### Task requirements
Begin at the top of the records below and return each line exactly through the line with "A Associação Baixa". Skip pictures.

BEGIN

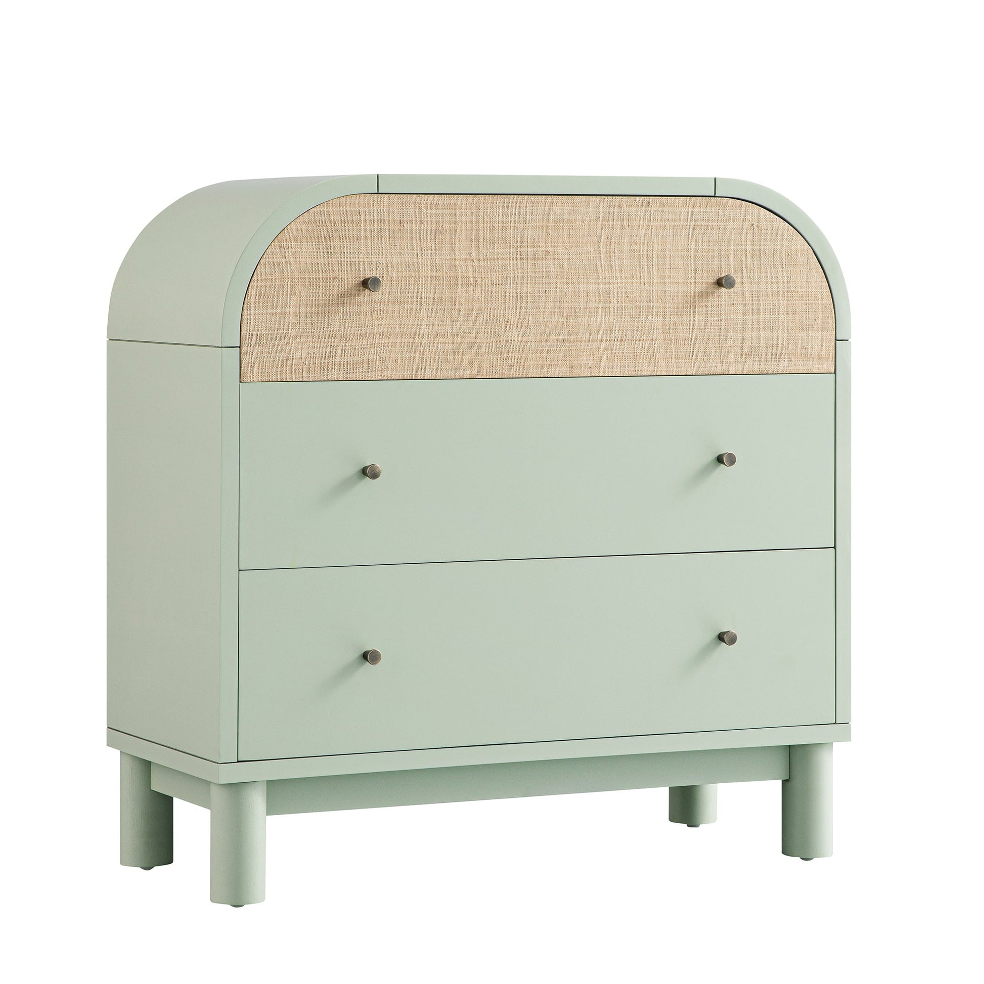 - Conçue pour apporter calme et caractère à votre chambre, notre commode Maude en pistache douce associe une finition peinte verte mate douce à un tiroir supérieur en raphia texturé pour un contraste subtil.
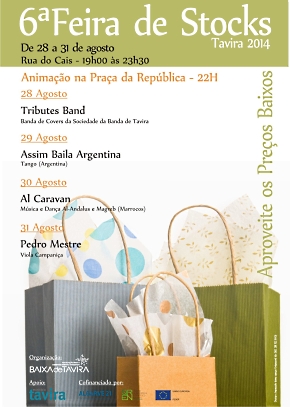 A Associação Baixa de Tavira, com o apoio do Município de Tavira, promove de 28 a 31 de agosto a sexta edição da Feira de Stocks, na Rua do Cais, entre as 19h00 e as 23h30, com entrada livre.
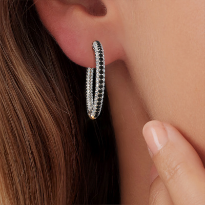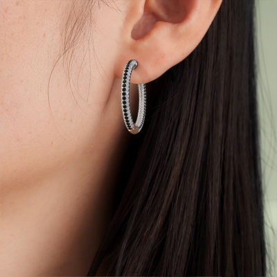 With a pair of exclusive hoop earrings, every woman truly stands out. At DiamondsByMe, we create exclusive and extraordinary jewellery and we make use of the finest precious metals and gemstones. These exclusive white gold hoop earrings are a true work of art! Each tiny detail has been made with patience and passion by our expert jeweller. This requires a keen eye and skilful hand in order for the ring to be carefully created to perfection. And this is exactly what our expert jewellers strive for, perfection! The exquisite black diamonds are set in a way making them seem to shine even brighter. This gives the hoop earrings an extra glamorous look. Shown above are our white gold Hope 20mm hoop earrings, set with round black diamond. The Hope 20mm earrings are passionately made by one of our master goldsmiths.. How do you like these exclusive white gold hoop earrings? Simply customize this Hope 20mm hoop earrings, using our online tool. Subsequently, your personal best prices Hope 20mm hoop earrings will be made by hand by our goldsmiths. Precious metals and gemstones can be customized to your liking. Do you have specific preferences which are unavailable in our online tool? Please feel free to contact us. We will customize your personal exclusive hoop earrings to your liking. Are you on a budget? Please feel free to contact us, so we can go discuss your options. We offer our hoop earrings at guaranteed best price, because we make them to order. You won't find such a price anywhere else! To make it easier for you, we offer a 30 day return policy. Check our terms and conditions.
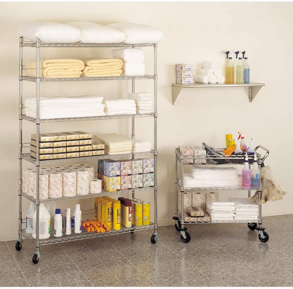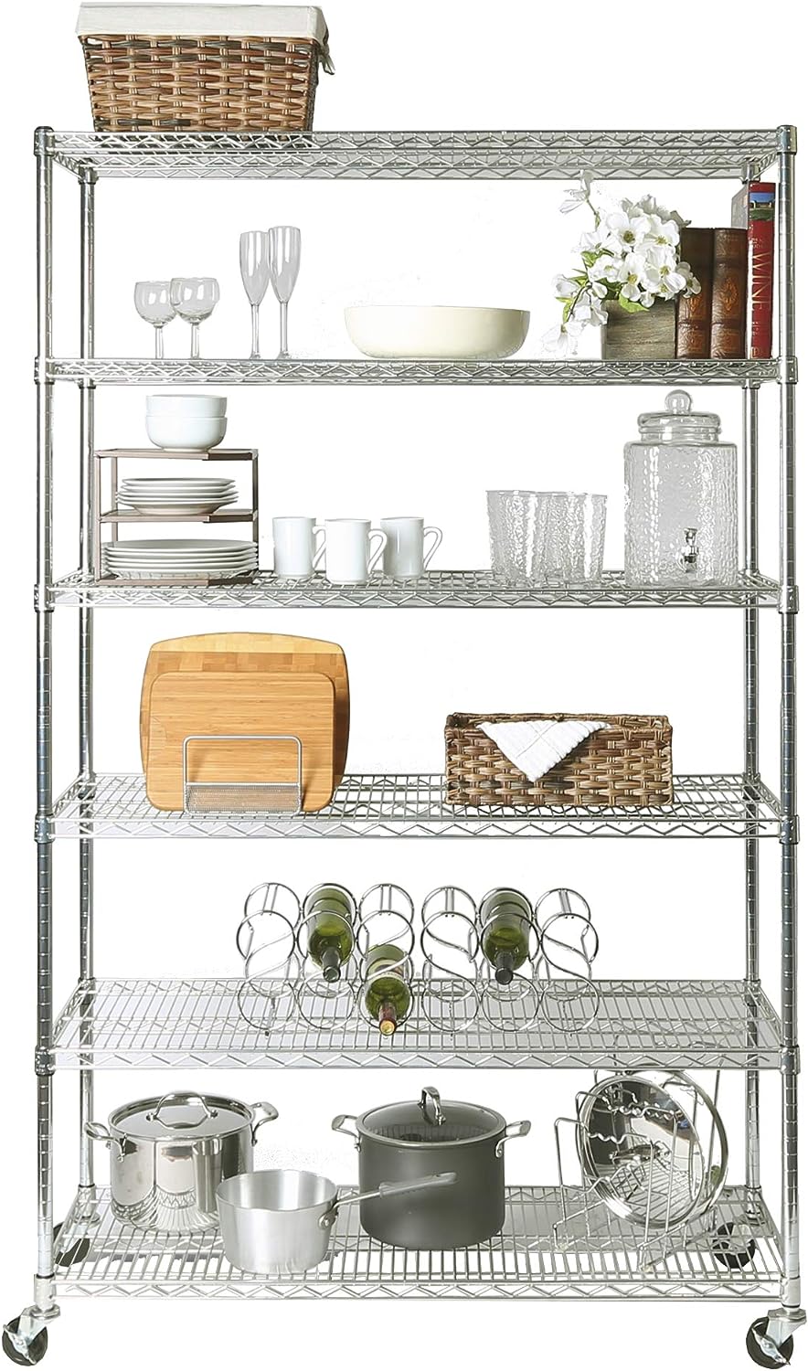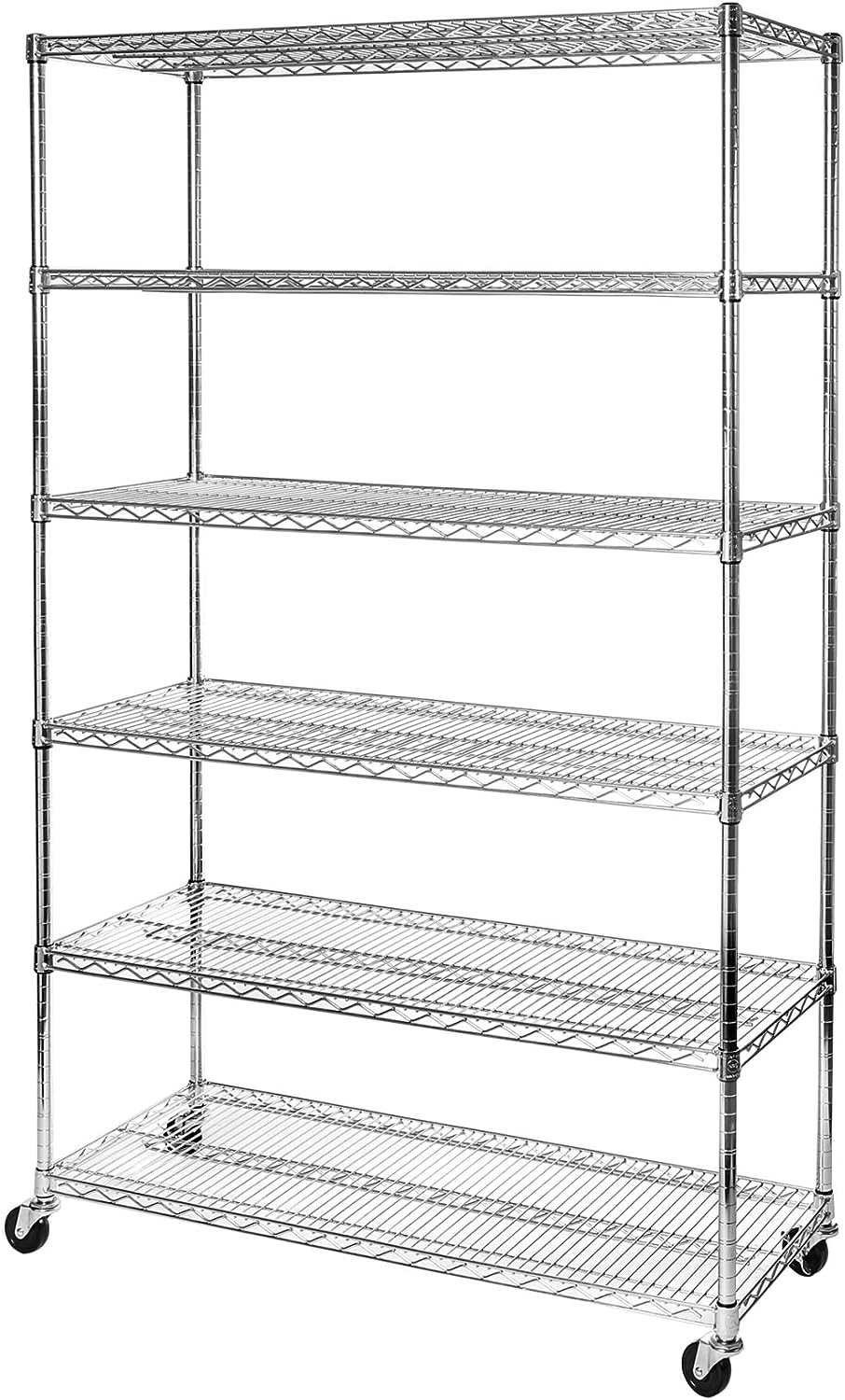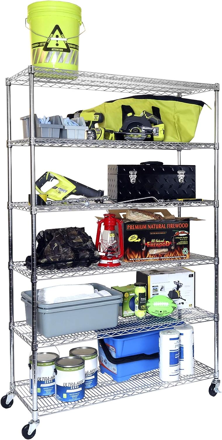 Seville Classics UltraDurable Heavy Duty NSF Solid Steel Wire Rack Storage Unit Wheels. 6-Tier Shelving. 48″ W x 18″ D
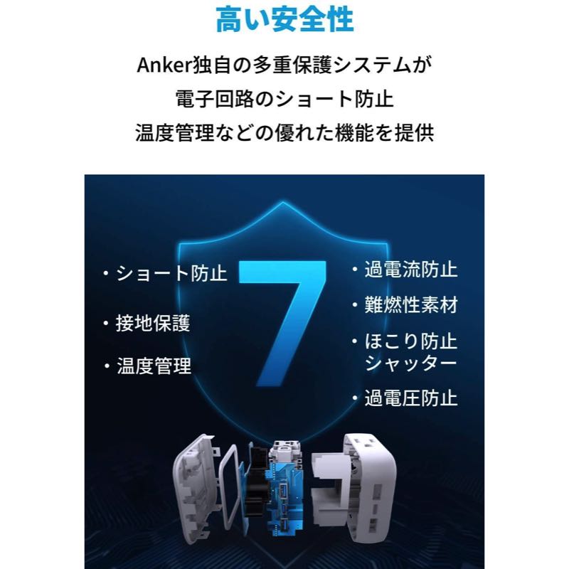 Anker独自の多重保護システムが電子回路のショート防止、温度管理などの優れた機能を提供し、長期間安心してお使いいただけます。製品仕様

END

### Result of the task
 - Conçue pour apporter calme et caractère à votre chambre, notre commode Maude en pistache douce associe une finition peinte verte mate douce à un tiroir supérieur en raphia texturé pour un contraste subtil.
 A Associação Baixa de Tavira, com o apoio do Município de Tavira, promove de 28 a 31 de agosto a sexta edição da Feira de Stocks, na Rua do Cais, entre as 19h00 e as 23h30, com entrada livre.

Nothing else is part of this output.